E aí, fica difícil, na maioria das vezes, fazer-se entender em nossas mensagens e trocas de experiências, porque a limitação em todos os níveis se encontra presente, vestida da arrogância de um mestrado ou doutorado nisto ou naquilo, mas sem qualquer resquício da necessidade prioritária de se colocar atento à outras visões sobre o mesmo foco que se encontra em discussão, garantindo assim um leque maior de conhecimentos, como faziam os pensadores do passado que, ao defenderem seus conceitos e  métodos aplicativos de qualquer natureza, abriam espaço às mentes alheias, a fim de agregarem nas suas, a grandeza de saber ouvir e discernir e finalmente aprender mais e mais.
O que estou verdadeiramente lamentando é a falta absurda que sinto do estímulo ao raciocínio participativo, remetendo-me ao prazer que pude testemunhar em inúmeras criaturas com quem convivi que na grandeza de seus intelectos, abriram espaço a jovens como eu, permitindo-me assim, adentrar no fabuloso mundo do querer descobrir, desejar ouvir, querer aprender.
Apavoro-me com a ignorância existencial que constato em todos os níveis, assim como a desconsideração ao querer aprender.
Afinal, as pessoas não estão sequer querendo saber a que vieram para este mundo, que dizem ser de “MEU DEUS”, aliás, sequer pensam de verdade no que consiste este Deus que não seja o já tradicional, “PAI DE TODOS NÓS”, criador do céu e da terra, guardião dos fracos e oprimidos, consolador dos sofredores, olheiro dos transgressores, detentor da vida eterna.
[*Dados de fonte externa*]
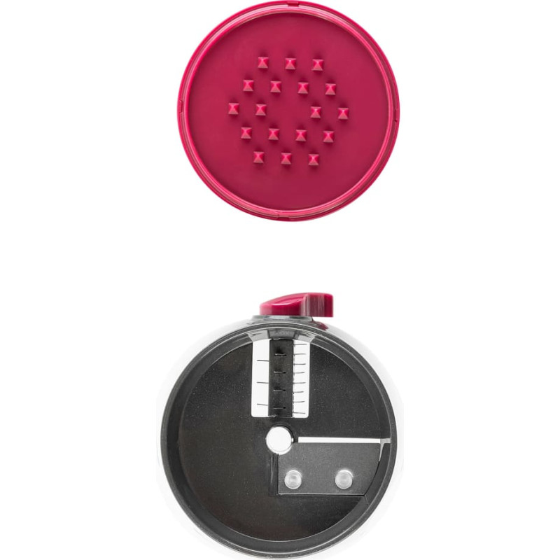 Rankinė sukamoji svirtis įvairiems pjūviams atlikti. Idealiai tinka vaisiams ir daržovėms. Neslystanti rankena. 4 nerūdijančio plieno peiliukai. Kompaktiškas ir patogus laikyti. Be BPA. Suderinamas su FDA ir LFGB. Matmenys: 11 x 9,2 x 7,5 cm
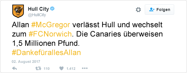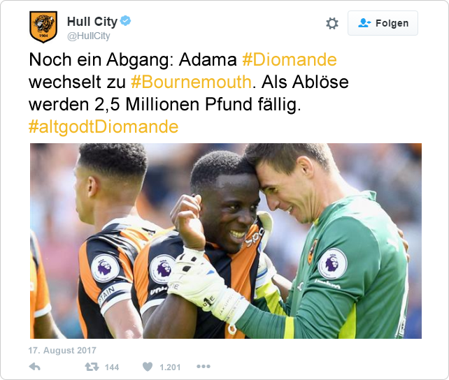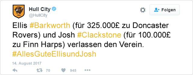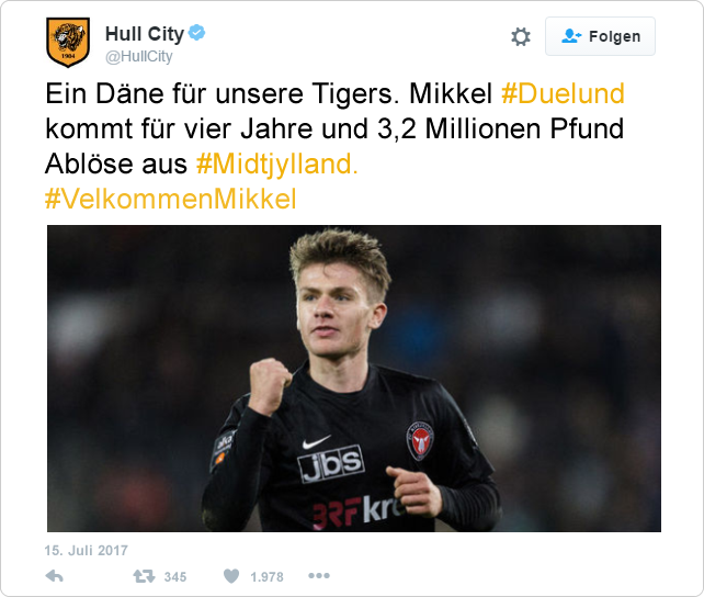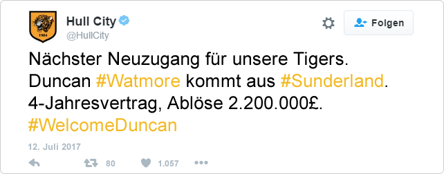 Als Ersatz verpflichteten die Tigers kurz darauf Duncan Watmore. Der 23-Jährige rechte Mittelfeldspieler kommt vom Absteiger FC Sunderland und kostet rund 2,2 Millionen Pfund.
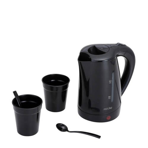 Deze compacte Proline KLT06 waterkoker heeft een vermogen van 1100 Watt en een watercapatiteit van 0,5 liter. Handig als je niet meer nodig bent, of op de camping. Materiaal behuizing: Kunststof

E aí, com este refrão decorado, se tornam símbolos da verdade e da justiça, justificando assim suas omissões e sua cega obediência a um sistema que só lhe oferece o superficial, o tangível, o medíocre.
Ora, penso eu, se já estávamos em um processo de deterioração das culturas tradicionais e do estreitamento intelectual, a adição de conceitos religiosos fundamentalistas e, portanto, arcaicos em sua maioria, só poderia dar no que vem dando, ou seja: um aumento gigantesco da banalização não só da vida em si, como a marginalização da convivência, esteja ela onde estiver, induzindo então as criaturas a adotarem posturas violentas ou desconsiderativas, polos distintos que não dão espaço ao bendito equilíbrio, mel que perfumou a minha e a juventude de muitos outros que lutam com as armas da mente e do respeito ao próximo para que através das trocas de experiências e saberes, possam globalizar humanisticamente os seus universos pessoais.
E aí, quem pensa chateia, incomoda e dá trabalho.